Verordnung des Bundesministers für Gesundheit und öffentlicher Dienst vom 21. September 1989 betreffend Arzneimittel aus menschlichem Blut
Präambel/Promulgationsklausel
Auf Grund des § 5 des Arzneimittelgesetzes, BGBl. Nr. 185/1983, zuletzt geändert durch das Bundesgesetz BGBl. Nr. 748/1988, wird verordnet:
§ 1. Arzneimittel, die menschliches Blut enthalten oder aus menschlichem Blut hergestellt werden, dürfen nur in Verkehr gebracht oder weiterverarbeitet werden, wenn der Hersteller oder Arzneimittel-Großhändler über Aufforderung des Bundeskanzlers
die Identität der Einzelspender, welche für die Gewinnung des Blutproduktes herangezogen wurden, und darüber hinaus belegen kann,
daß bei der Auswahl der Einzelspender die dafür geltenden gesetzlichen Bestimmungen und die nach dem Stand der Wissenschaft international anerkannten Kriterien berücksichtigt wurden, und
daß bei jedem Einzelspender durch eine dem jeweiligen Stand der Wissenschaft entsprechende Nachweismethode eine HIV-Infektion ausgeschlossen wurde.

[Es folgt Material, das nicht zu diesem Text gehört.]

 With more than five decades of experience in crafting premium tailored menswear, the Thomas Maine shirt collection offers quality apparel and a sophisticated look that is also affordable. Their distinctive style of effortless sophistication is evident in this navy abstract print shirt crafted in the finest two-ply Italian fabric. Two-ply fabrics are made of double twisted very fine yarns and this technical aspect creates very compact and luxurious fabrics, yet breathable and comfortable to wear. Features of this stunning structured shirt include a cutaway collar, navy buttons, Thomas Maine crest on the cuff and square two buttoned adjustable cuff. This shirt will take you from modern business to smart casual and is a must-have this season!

§ 2. Arzneimittel im Sinne des § 1, die aus dem Ausland importiert werden, dürfen von einem inländischen Hersteller oder Depositeur nur in Verkehr gebracht oder weiterverarbeitet werden, wenn ihm der Betrieb, von dem er das Arzneimittel bezogen hat,
die Unterlagen gemäß § 1 Z 1 und 3 zur Verfügung gestellt hat und
bestätigt hat, daß das Arzneimittel jedenfalls allen in Österreich geltenden Erfordernissen gemäß §§ 3 und 4 des Arzneimittelgesetzes entspricht und die Auswahl der Spender nach Kriterien erfolgt ist, die nach dem Stand der Wissenschaft international anerkannt sind.
§ 3. (1) Die Unterlagen gemäß § 1 oder § 2 Z 1 müssen sich nicht im Betrieb des Herstellers, des Arzneimittel-Großhändlers oder des Depositeurs befinden, wenn
diese in einer früheren Phase der Herstellung oder des Inverkehrbringens erstellt wurden und
durch vertragliche Vereinbarung sichergestellt wurde, daß sie dem Bundeskanzler über dessen Aufforderung unverzüglich zur Überprüfung vorgelegt werden können.

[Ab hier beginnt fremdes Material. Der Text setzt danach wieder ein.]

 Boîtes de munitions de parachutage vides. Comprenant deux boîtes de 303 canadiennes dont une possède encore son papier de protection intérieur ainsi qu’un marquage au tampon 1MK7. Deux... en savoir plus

(2) Der Bundeskanzler kann bei Zulassung von Arzneispezialitäten Ausnahmen vom Erfordernis der Unterlagen gemäß §§ 1 und 2 gewähren, wenn im Rahmen des Zulassungsverfahrens belegt wurde, daß die erforderliche Qualität und Unbedenklichkeit der Arzneispezialität durch das Herstellungsverfahren und die vorgesehenen Kontrollen gesichert ist. Bei Beurteilung der Unbedenklichkeit ist neben der Infektionssicherheit vor allem auch dem möglichen unerwünschten Auftreten einer passageren Seroposivität Rechnung zu tragen.
§ 4. Die Verordnung betreffend Arzneimittel aus menschlichem Blut, BGBl. Nr. 404/1986, tritt außer Kraft.